In the aerospace industry, says Yancey, “every laminate configuration you’re going to use has to be tested. If you’ve been using a six-ply laminate and you want to change to a 10-ply laminate, you’ve got to repeat all those tests.” That’s thousands of tests. This makes composite materials extraordinarily expensive to test. Projects like the Boeing 787 or F-35 Joint Strike Fighter accrue tens of millions of dollars in composite materials testing expenses alone.

“Because of the expense of testing those materials,” says Yancey, “and the fact that composite usage is relatively new in many industries, a lot of that material data is considered proprietary.” For example, Boeing isn’t anxious to spend $100 million qualifying a material and process, and then give that information to Airbus (and the rest of the industry) for free.

This also means changes can be almost prohibitively expensive to contemplate, even when a potentially superior material appears.

Simulation to the Rescue Eventually

“We see CAE as a way to limit the actual material testing necessary,” says Resta. “You’re going to use the physical testing for the extreme cases and then, once you have confidence in CAE, you can extrapolate to the other, less-severe conditions. That’s what’s going to be required for companies to switch to new material systems as improvements are made.”

There is an active community working on virtual simulation of materials for qualification, but it’s a new idea. “It will take some time to get better accepted in the industry,” says Yancey.

It’s not a Composite until it’s a Part

“Aluminum is aluminum before you turn it into a part,” says Advatech’s Leemans. “Composites aren’t. It’s not a composite until it’s been built.”

biofiber

Non-woven biofiber mat is used as composite reinforcement.

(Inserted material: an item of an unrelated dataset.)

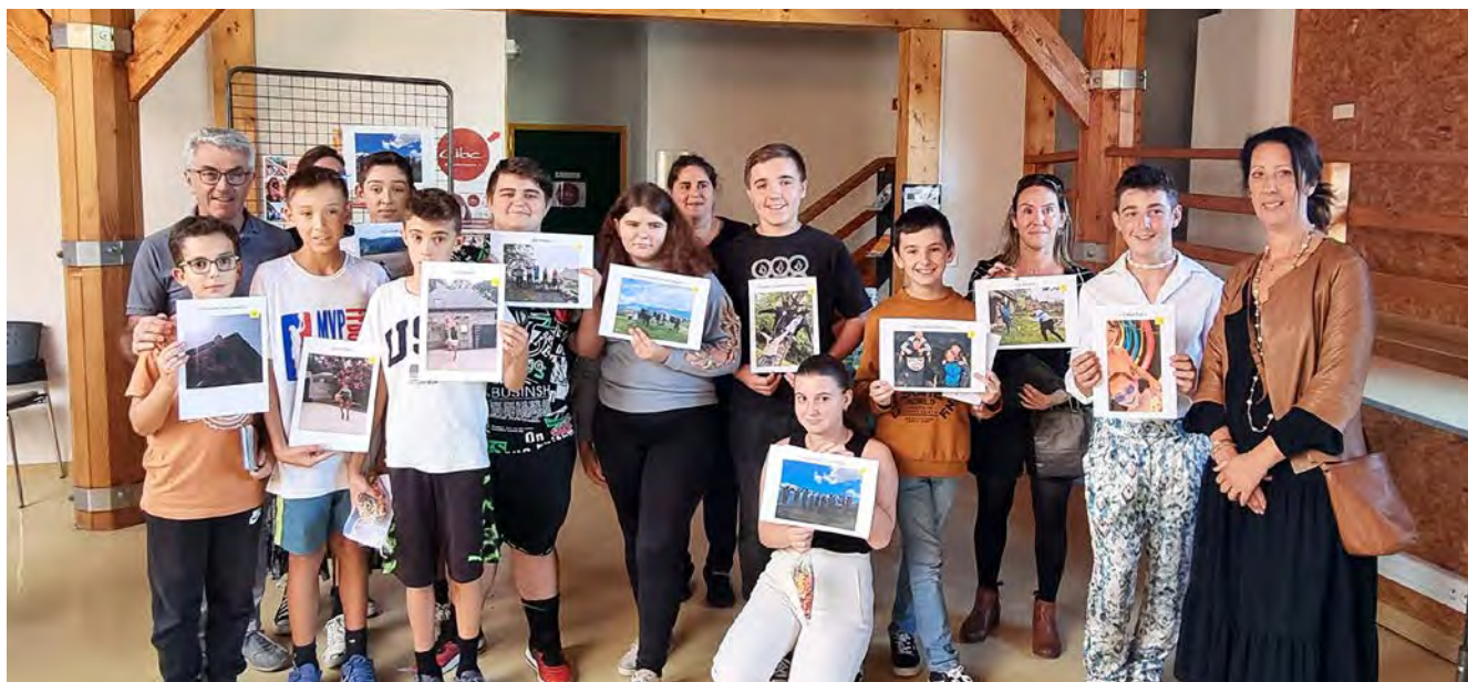
Les jeunes participants ont reçu leur récompense dans les locaux de la maison France Services.

Parce que c'était une première édition, mais aussi parce qu'il fallait remercier tous les participants pour leur investissement, chaque concurrent a reçu sa petite enveloppe en récupérant sa photo, avant de pouvoir profiter du goûter mis en place. Mais comme tout concours, il fallait bien un vainqueur, et un classement a été établi, avec 4

Composites are very, very process-dependent, and variations in the manufacturing process can have profound effects on the final long-term behavior of a part. Change suppliers or build on a hotter day, cure a part a bit longer, and you can wind up with surprisingly large differences in material properties. “We in the industry don’t do a good job of modeling the idiosyncrasies, part by part, ]arising from] the manufacturing processes,” says Leemans.

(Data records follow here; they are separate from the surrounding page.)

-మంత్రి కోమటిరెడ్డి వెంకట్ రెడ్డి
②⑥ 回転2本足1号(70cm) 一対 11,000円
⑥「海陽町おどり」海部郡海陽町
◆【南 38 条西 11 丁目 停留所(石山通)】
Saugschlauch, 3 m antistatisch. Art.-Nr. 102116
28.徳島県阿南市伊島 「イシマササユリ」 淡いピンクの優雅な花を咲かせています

Those idiosyncrasies include wavy or missing fibers, porosity and voids, and spring-back—the tendency of a composite part to change shape when removed from the mold.

“I worked on one part that was a simple front panel,” recalls AlphaSTAR senior scientist Jonas Surdenas. “But the edges were a different laminate than the center and it bowed. When you heated it up, the bow disappeared. It’s a mismatch between the coefficient of thermal expansion and the modulus. If there’s enough interplay between the different parts, it can cause deformation or residual thermal stresses in there.”

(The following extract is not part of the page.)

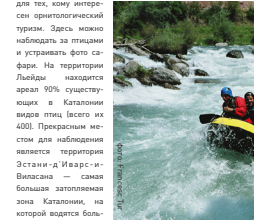
рафтинг Pella's Sobirà

для тех, кому интересен ориентологический туризм. Здесь можно наблюдать за птицами и устранивать фото сафари. На территории Лейды находится аэропорт Лейда, в котором находится 90% существующих в Каталонии видов птиц (всего их 400). Прекрасным местом для наблюдения является территория Эстанья-д'Иварс-и-Вальсана — самая большая затопляемая зона Каталонии, на которой водятся более 210 видов птиц. Помимо прекрасной природы, провинция Лейда обладает богатой культурным наследием. Посетители провинции могут познакомиться с ее величественным монументальным достоянием. Здесь остались памятники романского искусства, средние века наиболее известны девять церквей в долине Валь-де-Бок, окруженные необычайной природой и объявленные частью Всемирного наследия, есть и замки, такие как Монтегис и Мур, напоминающие о средневековом прошлом, необыкновенный, грандиозный собор, такие как Сед-Валь в городе Лейда, соборы городов Сед-де-Урхель и Солсона, а также прекрасный цистерцианский монастырь в городе Вальбона-де-лес-Моисес. Но для того, чтобы узнать страну со всех сторон, необходимо по-

Some of these things are immediate problems: Spring-back might mean the two halves of your engine nacelle don’t mate, for example. On the other hand, porosity might not be a problem for months or years, but it will ultimately shorten the part’s life.

“The effect of these defects is a major concern,” says AlphaSTAR Founder Frank Abdi, Ph.D., noting that FEA “cannot account for all these things.”

Computer simulations generally assume a perfect build; it’s hard to anticipate random voids and plug them into the model.

“Engineers use reduction factors and things like that,” says Abdi, knocking down the computed strength of composites to account for manufacturing defects. “That causes overweight parts.”

The Complexities of Failure

Composite materials don’t fail the way that metallic materials do, and different types of composites fail differently.

“When we’re using NX,” says of Composites Innovation Centre’s Komus, “there are about six different failure theories you can select from. Some are good for directional materials; others are good for woven materials. Some are better for some load cases than for others. You definitely have to be very careful in terms of what failure criteria you use.”Kestrel

Composite structure of the Kestrel concept vehicle, supported by a metallic chassis.

Advatech’s Leemans observes that designers could perhaps get a little closer to the edge than they currently do if they had better tools. For now, though, they can’t predict exactly how a failure will initiate.

“The failure modes jump around,” he adds. “How do you capture that? Is it matrix failure or a fiber failure? Is it both? Is it an interface between the two? The heterogeneity of the problem at multiple scales really adds complexity. A few companies out there—like Firehole Composites ]now part of Autodesk], AlphaSTAR—are working on progressive failure analysis, trying to figure out when cracks initiate, when the matrix starts to break down and degrade, how the de-lamination progresses.”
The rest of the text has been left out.